Q: Why do Georgia Courts have oversight of my child’s injury settlement? I’m a good parent.

A: The Court’s oversight of a child injury settlement has very little to do with a family’s financial circumstances, the “quality” of parenting, or, really, anything specific to the kid or parents. Why? Georgia law cannot distinguish between rich and poor or “good” and “bad” parents. The must treat everyone as equals. Of course, many Judges give more freedom to parents with a proven track record of good decisions and financial stability. But, generally, everyone follows the same rules with respect to how a child’s money must be protected. Said another way, the legal system seeks to ensure that parents and other family members do not spend the money on things that do not directly benefit the child. Of course, our child injury firm seeks to secure as much freedom for our clients to make choices for the child’s money. We have a had great success in crafting financial plans which benefit the child, while allowing his parents to have ready access to cash, to be used for their kid’s benefit.

Q: What if my child’s injury settlement is small? Do Georgia Courts make exceptions for oversight of small amounts of money?

A: Yes. Generally, if the gross settlement of the child’s injury case is less than $15,000.00, Court approval is not necessary. The parents are free to settle the case and manage the money without Court oversight. If the gross settlement is over $15,000.00, but after deducting attorney’s fees and case expenses, the child actually receives less than $15,000.00, Court approval is still needed—but, the parent does not need to be appointed as the child’s Conservator. If the gross settlement exceeds $15,000.00 and the child will receive more than $15,000.00 after attorney’s fees and case expenses are deducted, Court approval is needed and a parent or other guardian of the child must be appointed as the child’s Conservator. O.C.G.A. § 29-3-3 addresses these questions in more detail.

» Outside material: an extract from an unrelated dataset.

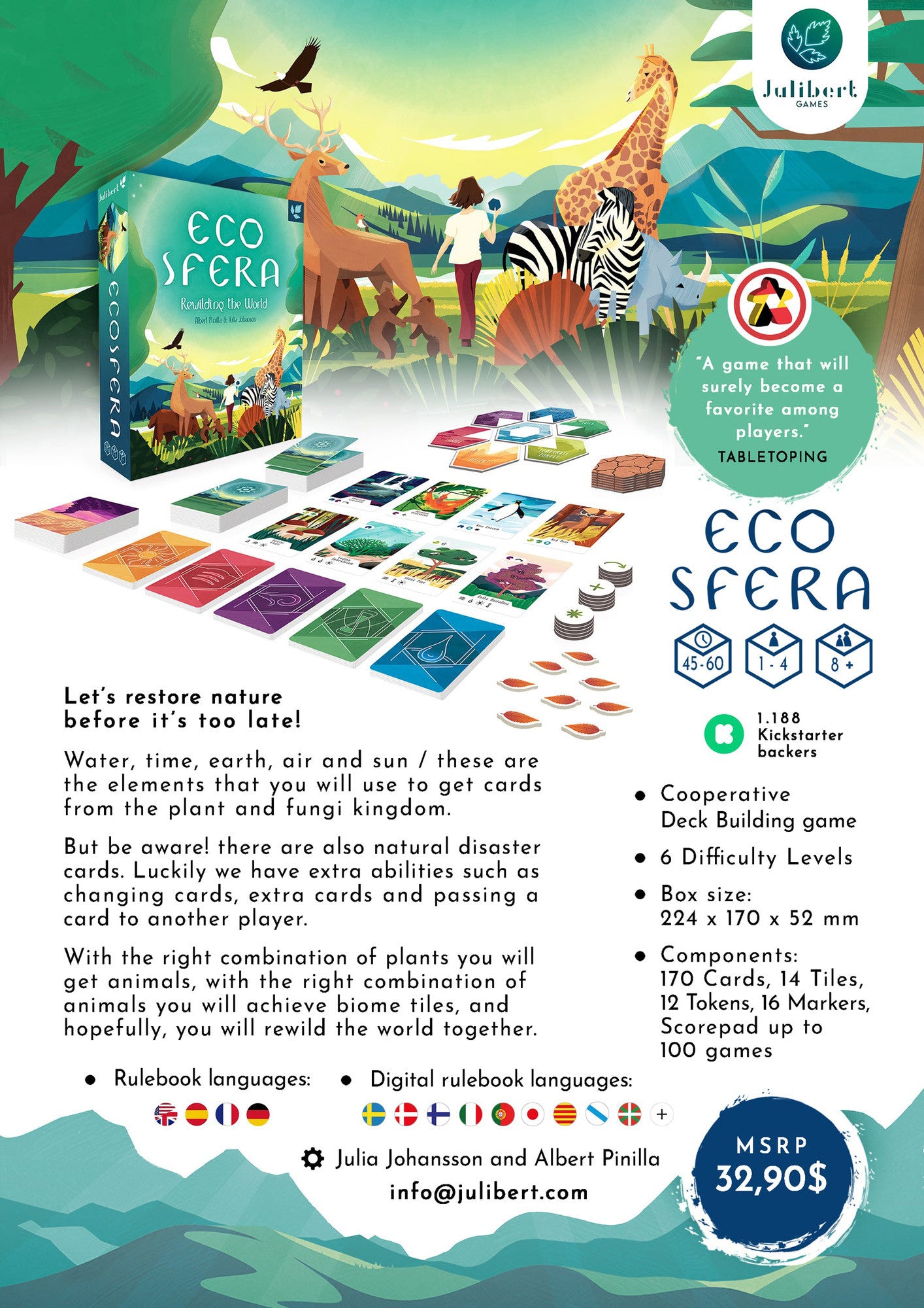 Ecosfera is a cooperative deck-building game with different levels of difficulty where we must restore nature before it’s too late.

Q: If my child is injured at a daycare in Atlanta can my child receive money for her injuries?

A: Yes, if the daycare owners, workers, and employees were negligent or reckless in their conduct, leading to injury to the child. A simple example should help illustrate the point. Scenario 1 – a 5 year old child is running on the playground, falls, and breaks his arm. Is there negligent conduct by the daycare? Probably not. Five year olds run and, sometimes, they fall. Scenario 2 – A five year old is playing on the playground when another child, known to be aggressive toward other kids, pushes him down, resulting in a broken arm. Is there negligent conduct by the daycare? Probably. If the daycare employees failed to address the “bully” and/or otherwise safeguard the other children, that conduct is likely not appropriate and would give rise to an injury claim.